New report, The Gender Divide, identifies state gender disparities in prisons

Women’s prison populations are largely growing faster than men’s. See our 50-state analysis.

January 9, 2018

Easthampton, Mass. – States have made impressive progress over the last 10 years in reducing their prison populations, but for most women in prison, this progress might as well never have happened. Even as men’s incarceration rates are falling, women’s incarceration rates hover near record highs, a trend driven by criminal justice decisions at the state level. A new report from the Prison Policy Initiative identifies more than 30 states driving this national “gender divide.”

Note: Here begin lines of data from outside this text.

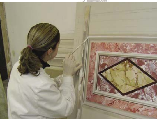
Boiseries con cornici decorative e inserti marmorei realizzati con tecniche miste.
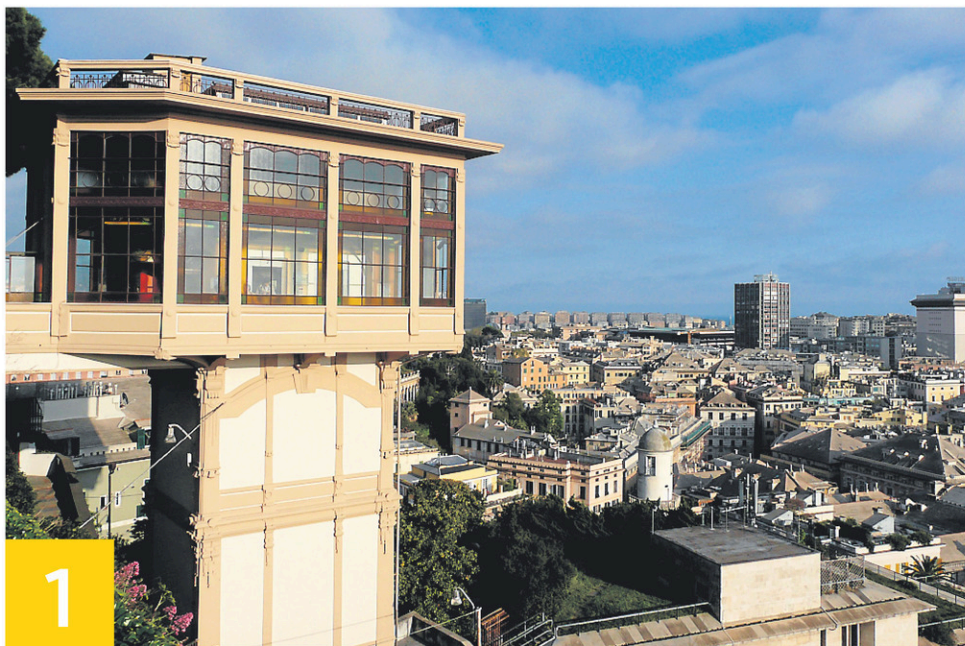
1 L'ascenseur Castelletto
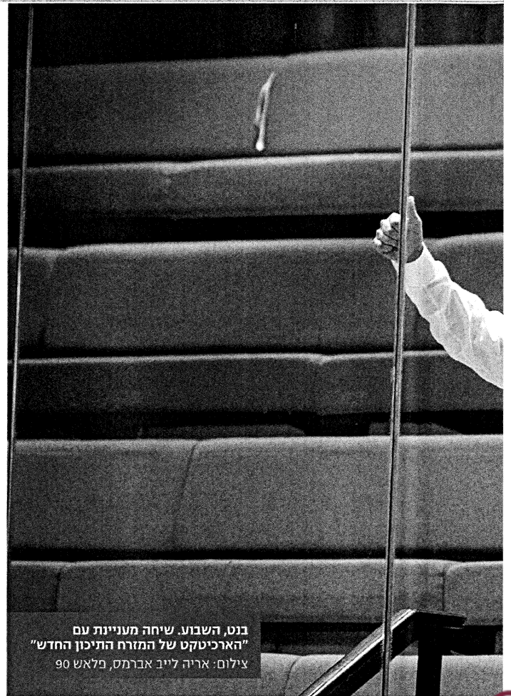
בנט, השבוע שיחה מעניינת עם הארכיבישקט של המזרח התיכון החדש"

women's incarceration rates: select states and all 50 states

The mass incarceration of women has severe and far-reaching effects: 62% of women, for instance, are separated from minor children when they are put behind bars. But though this is largely an issue of state policy, “few people know what’s happening in their own states,” says Wendy Sawyer, author of The Gender Divide: Tracking Women’s State Prison Growth. Sawyer says states undermine their commitment to decarceration when their criminal justice reforms leave women behind.

For example:

  • Texas recently reduced its men’s prison population by 6,000, while backfilling its prisons with 1,100 more women.
  • Michigan’s female prison population grew 30% from 2009 to 2015, while the number of men in Michigan prisons fell by 8%.
  • Six other states have seen men’s prison populations decline even as women’s populations have climbed.

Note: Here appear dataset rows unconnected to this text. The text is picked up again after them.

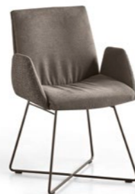
Armlehnstuhl | Carver MEX

MR 2050 | T 2050 Sie harmonieren einfach miteinander und wirken wie eine Einheit: die Sitzmöbel MR 2050 und die Tische T 2050. Variantenreich und individuell lässt sich jeder Essplatz bei jedem Raumangebot gestalten. Nicht nur optisch gilt: Es passt immer!
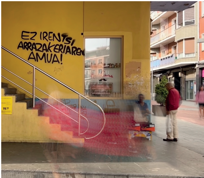
Gorroto-mezen aurrean, jende asko kontzientziatu da gure inguruan.

eraldutzen dutenak. Boteredunek nahi dutenari seinalatzen diote, jendeak alde horretara begiratzen duen bitartean eurek negozioak egiten jarraitu ahal izateko».
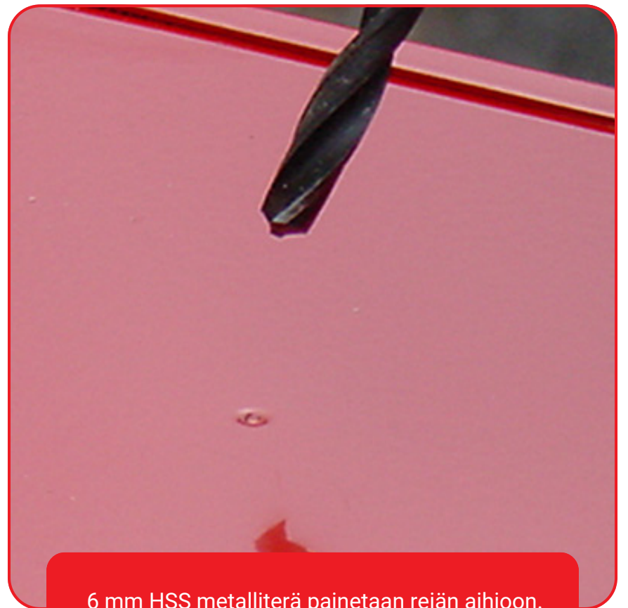
6 mm HSS metalliterä painetaan reiän aihioon.
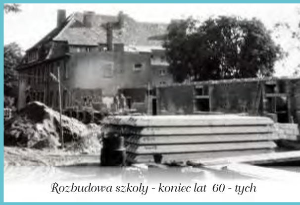
Rozbudowa szkoły - koniec lat 60 - tych
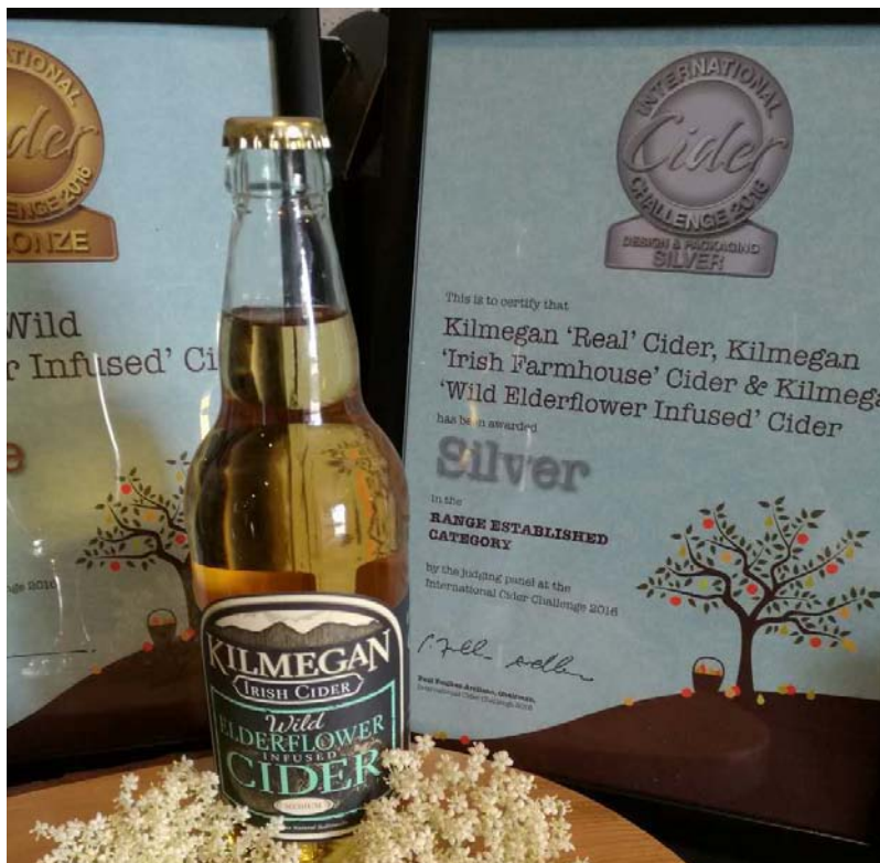
图为 Kilmegan 苹果酒

爱尔兰岛传统的小型酿酒厂比比皆是，酿造出美味又独特的精酿啤酒和苹果酒等等。Hilden, Boundary 以及 Sheelin 这些品牌，一定会让每对恋人印象深刻。Kilmegan 苹果酒的原材料主要来自于阿玛郡 (Co.Armagh)、蒂珀雷里郡 (Co.Tipperary) 以及北爱尔兰的唐郡 (Co.Down)。它是爱尔兰少有的仍在传统机架和布压机的苹果酒制造商，采用 100% 纯果汁发酵，再经过脱硫过程酿造出的独具风味的苹果酒。
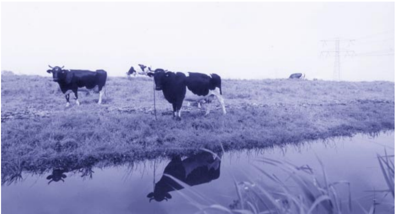
Door de ontwikkeling van Nesselande gaat er een groot poldergebied verloren

De vergroting van de Zevenhuizerplas betekent in ieder geval een vergroting van de recreatieve ruimte, zowel wat betreft de watersport als oeverrecreatie. Maar wat betekent dit alles voor de natuur? vervolg op pagina 4
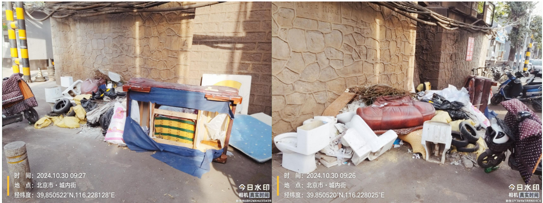
沙岗 10 号门前路(良好)T09:18
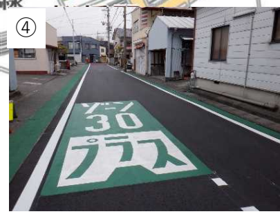
カラー舗装、路面表示

※ 今後、実施した対策の効果検証を行い、更なる対策の必要性等について検討していきます。(P D C Aサイクルの継続的な取組)
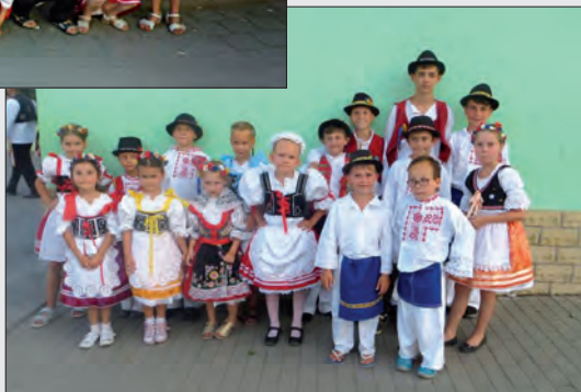
Děti na hodech – 2010 ▲, 2016 ►
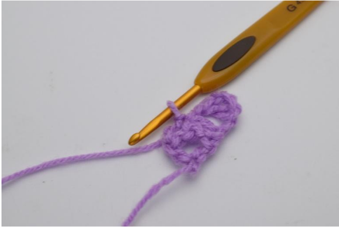
5. Genau so.
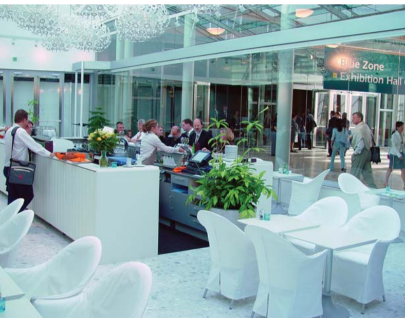
Restaurang The Garden, Stockholmsmässan.

MÄSSRESTAURANGER är företaget bakom Stockholmsmässans tolv serveringar. Dagligen förser man mässbesökare med allt från espresso till 3-rätters middagar, under Stockholmsmässans ca 70 olika mässprojekt årligen. Mottot är att "god mat och bra service är viktigt för en positiv upplevelse".
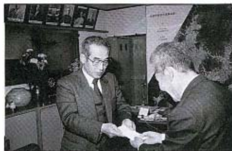
1月5日、町長室で、木原会長より

紙は、一月七日、山口南ロータリークラブの皆さんが、秋楽園を慰問に訪れた時の様子です。 この日は、映画の放映や、山口市役所のかたや子どもたちによる獅子舞が行われ、楽しい催しに、お年寄りたちはたいへん喜んでいました。 また、この前々日の一月五日、同クラブが年末に行った慈善鍋で集まったお金が、赤い羽根共同募金に寄附されました。

The report features more than 100 state-specific graphs tracking 40 years of women’s prison growth, designed to help policymakers assess the need for local reform. It also isolates the underlying causes of women’s mass incarceration, including the War on Drugs, harsh sentencing for violent offenses, and the growing frequency of women serving jail time.

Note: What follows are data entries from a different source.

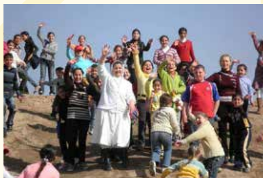
Proyecto AIN de Irak

La Fundación siguiendo las directrices de su fundadora contribuye con apoyo financiero a proyectos de diversas instituciones de caridad cristiana y de otras obras sociales, siguiendo un cuidadoso proceso de selección y seguimiento de los mismos. Así por ejemplo colabora anualmente con Cáritas (Entidades Con Corazón), con Ayuda a la Iglesia Necesitada (actualmente construcción de 15 aulas en Irak para los niños desplazados por la guerra).
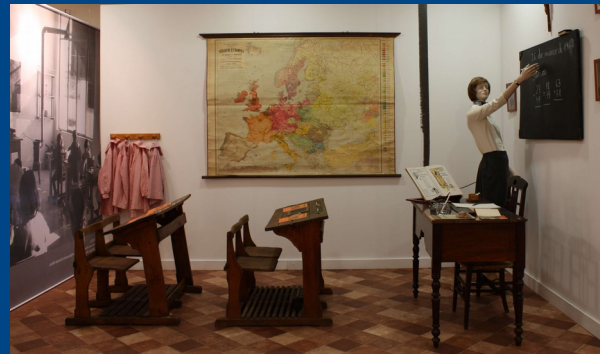
Recreació de l'aula
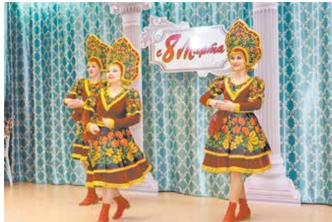
Хореографические постановки театра танца «Фьюжн» — главное украшение праздников на литейном заводе

о любви на русском и татарском языках, шоу песочной анимации.
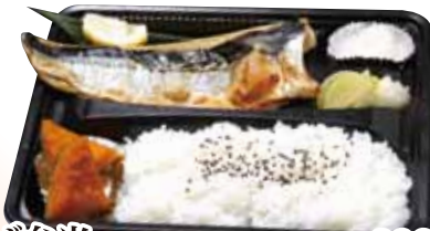
02 塩さば弁当 890円
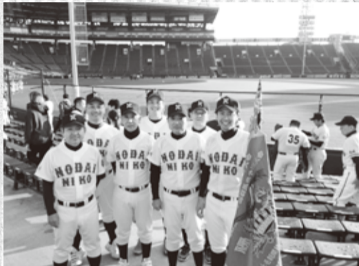
【いくつになっても甲子園は甲子園だ!!】
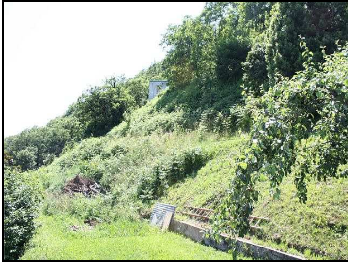
Terreno / Bauland
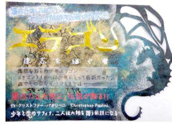
令和4年度中学生の部・最優秀賞作品

応募期間:8月1日(火)~9月15日(金)[必着] 対象:市内在住・在学の小・中学生 規格:大きさ148mm×210mm(A5判)まで(形は自由) 材質:画用紙程度の厚みのある紙 画材:自由 本の紹介:字数制限なし 甲 同館ホームページまたは同館に設置のチラシをご覧ください。
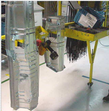
Sistema móvel, com suporte de equipamento e materiais de grandes dimensões
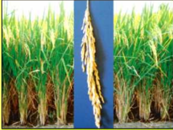
ব্রি ধান৪৯: রোপা আমনের উষ্ণীয় ধানের জাত এটি নাইজারশাইলের মতো সফু চাল বিশিষ্ট ধানের জাত প্রতি হেক্টরে ফলন দেয় ৫.৫ টন।
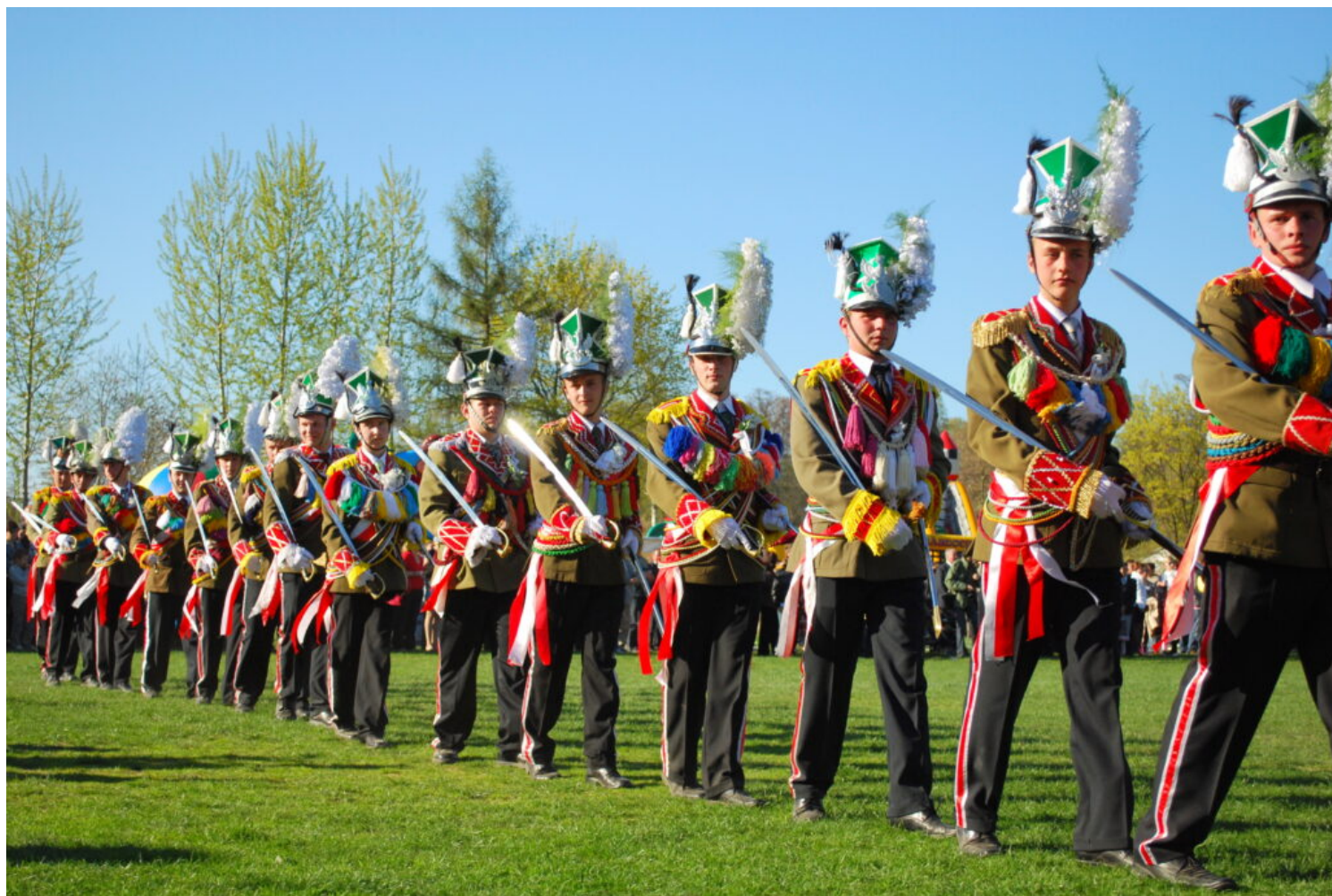
Turki grodziskie

Women in prison are uniquely burdened by mental health problems and trauma, and Sawyer notes that most prisons, having been designed for men, “make those problems worse.” But she stresses that the appropriate response “is not to build better prisons – it’s to ensure women are included in reforms that move people away from prisons.” Most women in the justice system could be better served through alternatives to incarceration. Developing those solutions should be an urgent priority in every state.